- Dates: 12 November 2021 – 13 March 2022

= 2021–22 ISU Speed Skating World Cup =

World speed skating tournament in Europe and North-America

The 2021–22 ISU Speed Skating World Cup was a series of speed skating competitions held from November 2021 to March 2022. The series began on 12 November 2021 in Poland and ended on 13 March 2022 in Netherlands.
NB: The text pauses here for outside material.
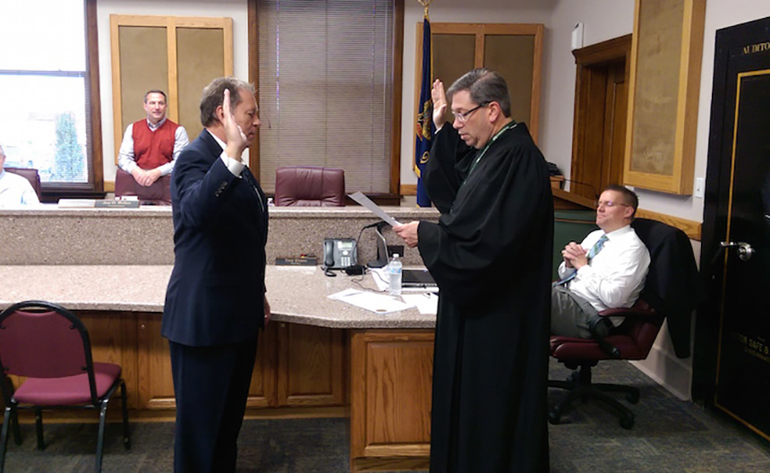 REXBURG — Brent Mendenhall was sworn in Tuesday morning by District Judge Gregory Moeller to fill the Madison County Commission vacancy left by the recent resignation of Commissioner Kimber Ricks.

The World Cup is organised by the ISU who also runs world cups and championships in short track speed skating and figure skating.
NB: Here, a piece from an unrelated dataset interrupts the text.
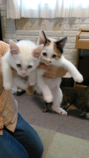 | その他(譲渡条件など) | ペット可住宅にお住まいの既婚者の方にお願いします。完全室内飼いのため、脱走防止に十分気を付けて頂けるようお願いします。ワクチン、去勢手術を確実にお願い致します。兄妹二匹でもらって頂けたらと思いますが、先住猫さんがいらっしゃる場合は白茶くん一匹だけでも構いません。 お見合い、一週間位のお試し飼いは可能です。 |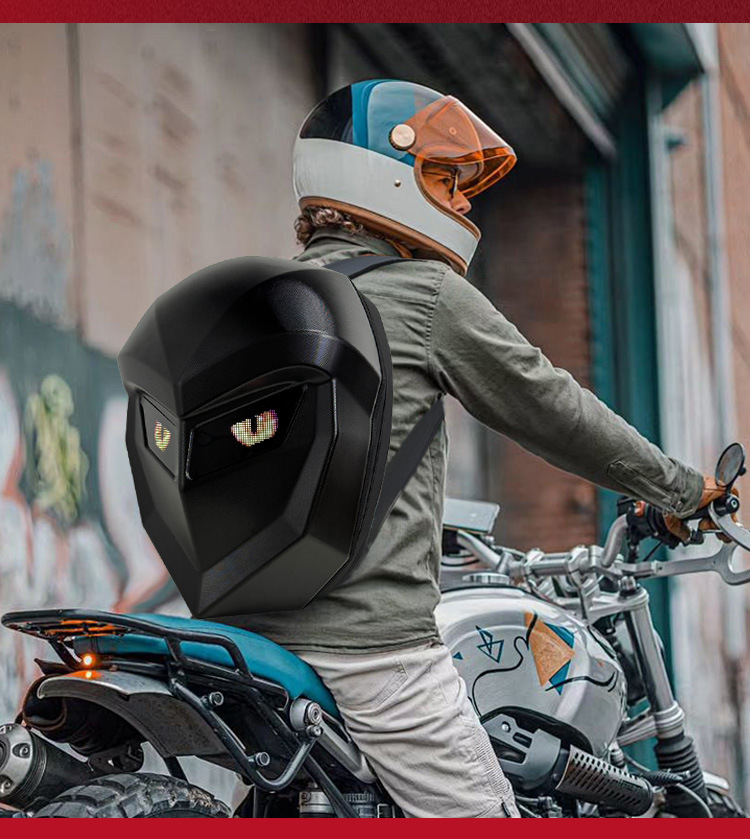 钢铁侠骑行摩托车背包LED机车双肩包男女硬壳防水全盔骑士头盔包 English | 投诉

The 2021-22 World Cup series consisted of five competitions. Four of these were held prior to the Olympic Games, while the World Cup Final was held after the Games.
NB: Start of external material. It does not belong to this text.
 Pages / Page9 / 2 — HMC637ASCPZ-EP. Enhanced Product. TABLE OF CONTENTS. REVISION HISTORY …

World Cup titles were awarded to the top point earners in the 500m, 1000m, 1500m, Long Distances (combined 5000m/10000m), Mass Start, and Team Pursuit for men. Titles were awarded to the top point earning women for the same distances (Long Distances combined 3000m/5000m for women).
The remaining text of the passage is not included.